Of the eight firms, one was slapped with $87,000 while another was levied $30,000. One company has already paid about $20,000 in taxes to the North.

Pyongyang has also told 21 companies to submit various documents including accounting books, a move seen as preparation for taxation.

The North imposed hefty taxes on the South Korean companies pursuant to a revised tax rule. Pyongyang amended the rule unilaterally in July, ignoring its own law governing the operation of the industrial complex. The law stipulates that the two sides consult with each other on matters related to its management.

The amended tax regulation allows the North to slap punitive fines retrospectively if a South Korean company is found to have fudged their accounting books. The fines could be as heavy as 200 times the income not recorded on books.

The North has reportedly threatened to ban the movement of goods and people in and out of the complex if the companies fail to pay the taxes or submit the required documents.

Pyongyang is also pressing the companies from the South to provide severance pay to North Korean employees who quit voluntarily.

Under the current agreement, South Korean firms are required to offer severance pay to North Korean employees only when they are involuntarily laid off for reasons related to the companies themselves.

According to reports, about 500 to 1,000 North Korean employees quit every year, citing personal reasons such as health and marriage.

The North’s latest moves might have been prompted by a shortage of hard currency. Pyongyang is in desperate need of dollars as it can no longer rely on such old sources of foreign exchange as arms sales due to the tight international sanctions against its missile launches and nuclear tests.

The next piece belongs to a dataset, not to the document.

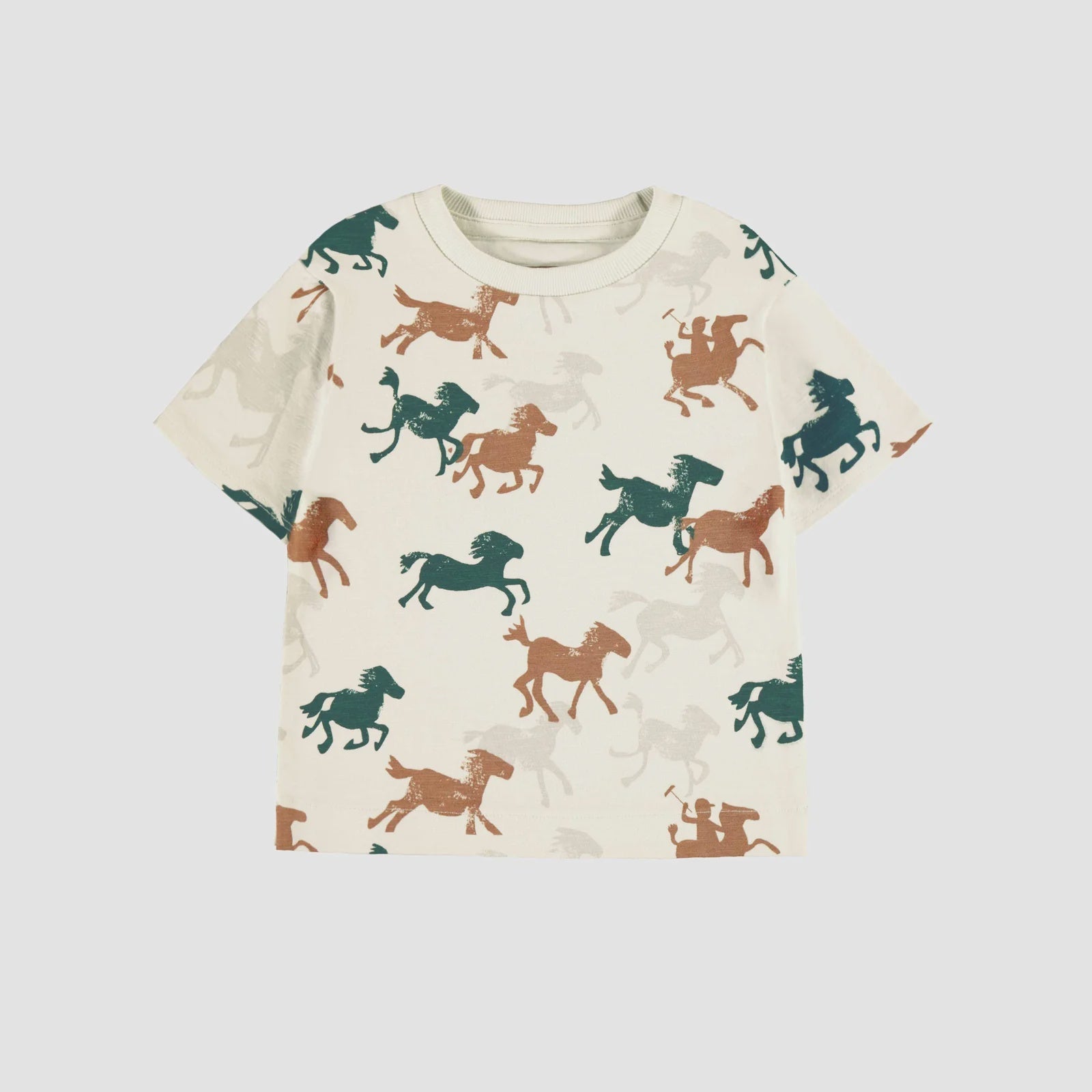 Here's a cream t-shirt with an all over print of horses and polo players on their frames in shades of caramel, turquoise and gray-beige, made in comfortable stretch cotton jersey, modernized with a subtle texture of irregular textured jersey.

Yet it is foolish for the North to squeeze the South Korean companies in Gaeseong. These companies as a whole are now beginning to make a turnaround. They registered operating profits last year for the first time since the complex opened in 2004.

Under these circumstances, unbearably heavy taxes would only force them to consider relocating their plants. In fact, some companies are reported to be already planning to leave the Gaeseong complex as the North has begun to tighten the screws on them.

For the North, the Gaeseong complex is the goose that lays the golden eggs. But if it slaps punitively high taxes on South Korean companies, it could kill it.

Pyongyang leaders should withdraw the ill-advised tax policy. Otherwise, they would scare away South Korean companies. This is a folly the North can hardly afford.

What Pyongyang should do is to respect the inter-Korean agreement on the operation of the complex and follow international business norms. They also need to supply 18,000 new workers to the Korean companies to resolve their labor shortage.